We know we need it, but we don’t get enough. Sleep can be elusive, and most of us have problems sleeping occasionally. According to the National Sleep Foundation (NSF), at least 40 million Americans suffer from sleep disorders, and 60 percent of adults report having insomnia at least a few times a week.
While the occasional sleepless night is nothing to worry about, the Harvard Women’s Health Watch reported that chronic insomnia decreases the immune system and leads to health problems such as weight gain and hypertension. These health issues, as well as medication and painful disorders such as arthritis, often result in continued insomnia, creating a vicious cycle.
Other health issues linked to sleep loss include:
- Impaired memory and learning problems.
- Less effective decision-making.
- Daytime drowsiness, thought to affect some 40% of adults per the NSF.
- Irritability, anxiety, and impatience.
- Mood swings.
- Higher stress levels.
The need for sleep varies, with an average of eight hours being the ideal for most adults. Shift workers, truck drivers, medical professionals, and teens and young adults tend to live on less sleep than they truly need, causing problems for themselves and others.
While quantity of sleep is important, quality of sleep is vital to your health. You’re better off sleeping soundly for 7 hours than sleeping restlessly for 9 hours. You can take some simple steps to improve both the quality and quantity of your sleep:
- Avoid strenuous exercise, alcohol, and caffeine at least four hours before bed.
- Keep a regular sleeping and waking schedule, even on weekends.
- Reconsider keeping a television or computer in your bedroom.

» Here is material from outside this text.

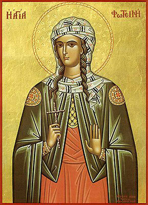 예수님의 제자가 된 포티나는 그리스도의 복음을 전하다가 3년 동안 감옥에 갇혔다가 카르타고(Carthago)에서 순교하였다. 또 다른 전설에 의하면 성녀의 아들인 요셉, 빅토르와 함께 모두 네로 황제 때 로마에서 순교했다고 한다. 전하는 바에 의하면 순교하기 전에 네로 황제의 딸 돔니나(Domnina)와 백여 명에 달하는 그녀의 노예들을 그리스도교로 개종시켰다고 한다. 성녀의 유해는 여러 해 동안 성 바오로 대성당에서 공경되었다.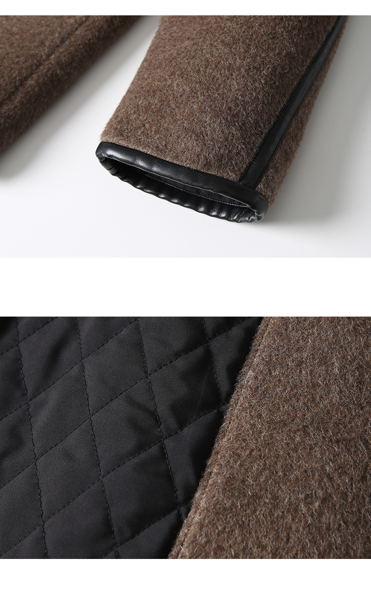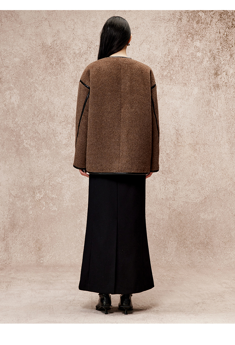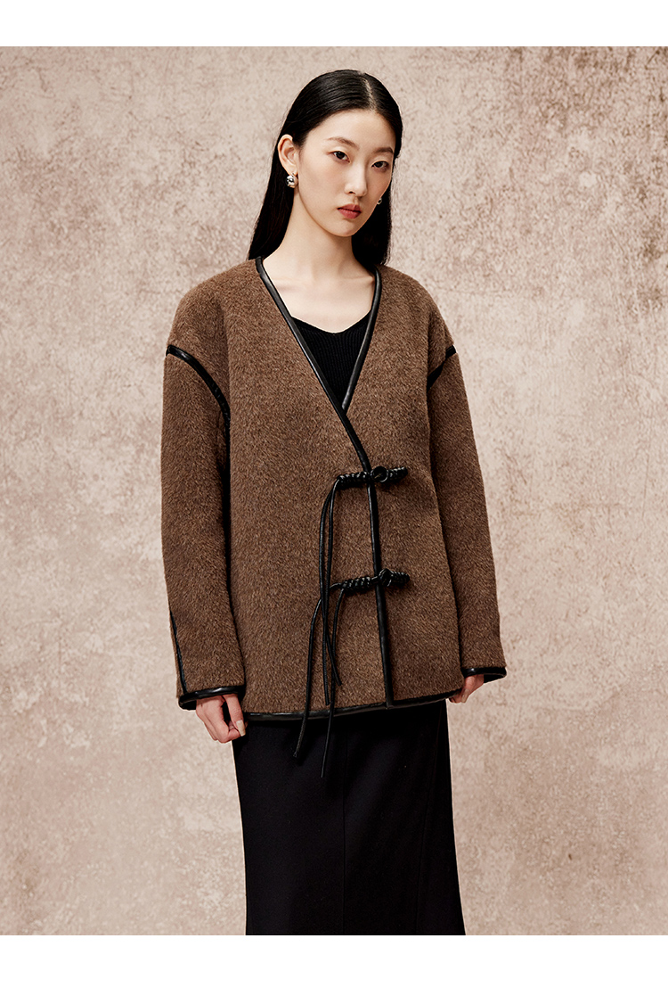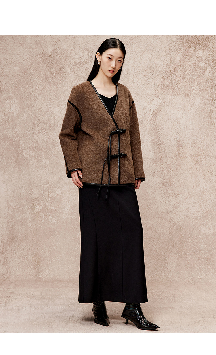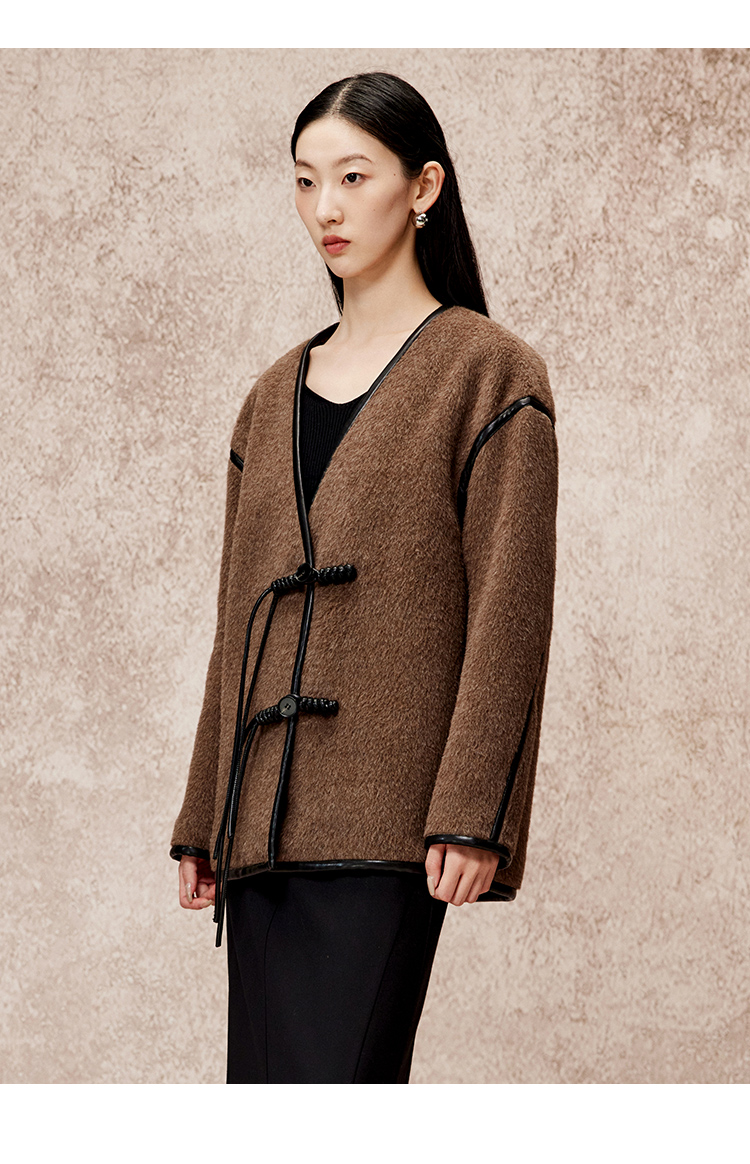 VIMAGE纬漫纪气质V领慵懒宽松深卡其色毛呢子外套冬新款V2203834

The light from the screen can disrupt sleep.
- Make sure your mattress is comfortable, turn it regularly, and replace it after 5–7 years.
- Keep your room as dark as possible and slightly cool.
- If your sleep partner tends to toss and turn, consider a larger bed or one of the newer beds that has dual controls for firmness. These modern beds tend to minimize disruption of your sleep if your partner is restless.
While short-term insomnia is usually not an issue, continued sleeplessness may indicate a problem such as sleep apnea or narcolepsy. Most sleep disorders go undiagnosed, and could be discovered and treated with a simple test at your local hospital or sleep center. If you have insomnia more than once a week, talk to your doctor about a referral for sleep testing.